またゆっくり話を聞くと約束して視察に出かけたルイスが二週間後に戻ってくると、ユリアナは忽然と姿を消していた。
「あまりにも信じられなくてなにかの間違いだろうと思った。だが、ユリアナが戻ってくるつもりがないと知って、絶望した」
ルイスの声が再び掠れる。
「彼女は手紙を残してくれていた……自分が戻るつもりがないこと、それから出世を考えた結婚をしてくれと……ユリアナでなければ、私は誰も愛せないというのに……」
半狂乱になってユリアナを探し回り、そしてやがて抜け殻になったルイスを、周囲は心配した。王子の従者である彼には、縁談の申込みもひっきりなしだった。
「縁談の申し込みが煩わしくて、王子の従者を辞めようかと考え始めた時、殿下が訳ありの令嬢を連れてきた。彼女は使用人と恋仲で、白い結婚をしてくれる相手を探していた。三年経ったら離縁してくれ、と持ちかけられたんだ。そうすれば、殿下の従者を続けられるから、と」
そこまでしてリシャールは、ルイスに従者でいてほしかったのだという。
ルイスもさすがにリシャール直々の願いをはねのけることはできなかった。それに、令嬢とは形ばかりの結婚で、周囲を黙らすことが出来る。離婚後は、誰のことも娶らなくても今ほどはうるさくないだろう。最終的に捨て鉢のような気持ちで、契約結婚を了承した。

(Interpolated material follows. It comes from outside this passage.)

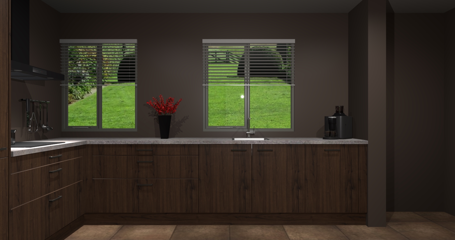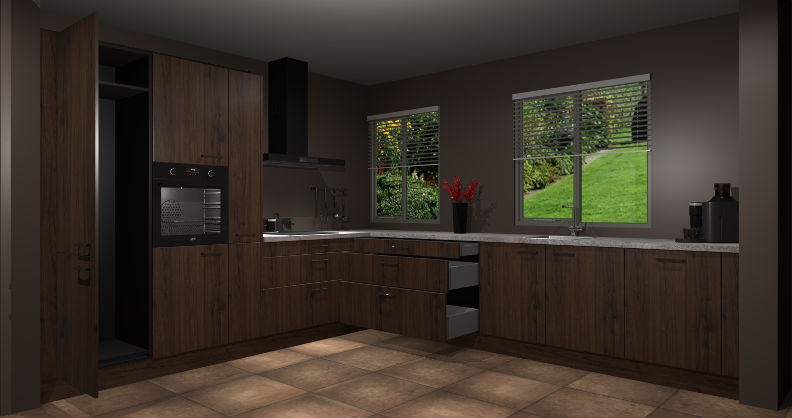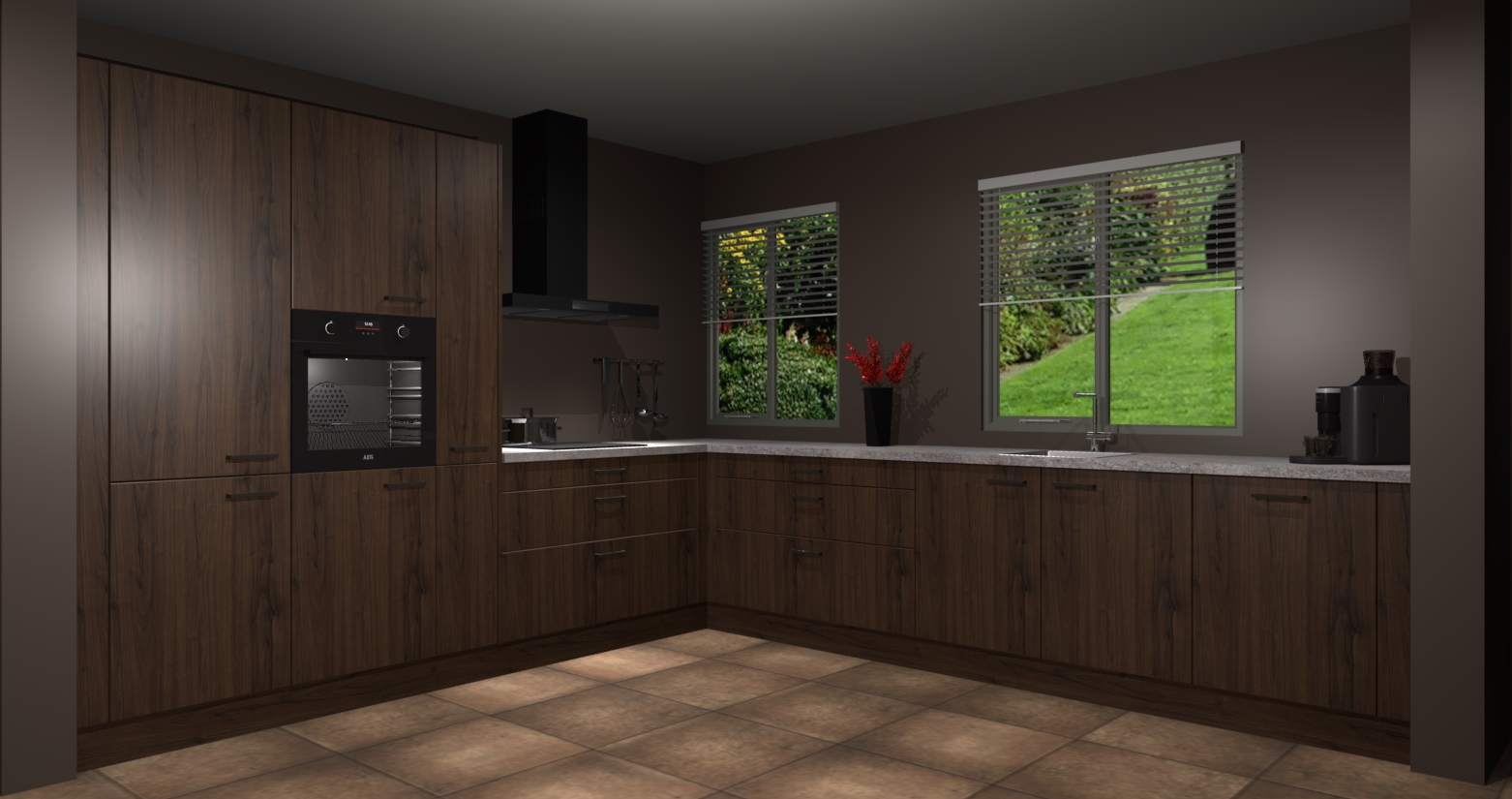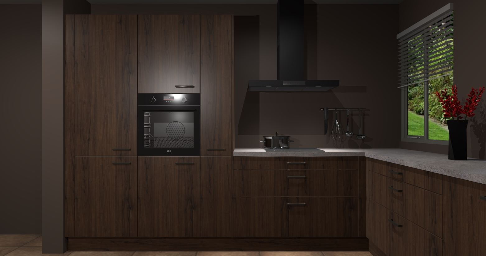 Welkom bij de Noten keuken Palermo. Deze prachtige keuken zal de komende jaren het middelpunt van de belangstelling in uw huis zijn. Uitgerust met vijf inbouwapparaten komt u nooit kookgereedschap tekort. Bovendien geeft de warme houtlook elke ruimte een uitnodigende en tijdloze uitstraling.

「だが――苦しかった。いくら契約結婚とはいえ、仮初の妻と式を挙げる必要があって……相手はユリアナであったはずなのに、と……」
地獄の苦しみだったとルイスは呟いた。
仮初の妻との関係は、悪くはなかった。それにルイスが許可したので恋仲である使用人を連れて輿入れをしたこともあって、彼女はいつでも幸せそうだった。それが腹の底から羨ましかった。
三年後に約束通り離縁した後、ルイスは燃え尽きてしまっていた。生きる気力さえなくなりそうだったルイスをこの世に留めたのは、いつかもしかしたらユリアナに再会できるかもしれない、という思いだけ。
だが従者はもう続けられないと、職を辞して、この家に引っ込んだという。
「これが、私の出来る話の全てだ」
ルイスががっくりと肩を落とす。
フィオナは、アッシュの言葉を思い返していた。
『母の記憶を視て、父が母と俺を愛していたということが分かった今は、もう気にしなくていい気がするんだ』
知りたい、とフィオナは思った。
本当だったら言葉だけで信じられたらいいけれど、でもそれはさすがに難しい。
だから。
フィオナは生まれて初めて、自分に『ちから』があることを感謝した。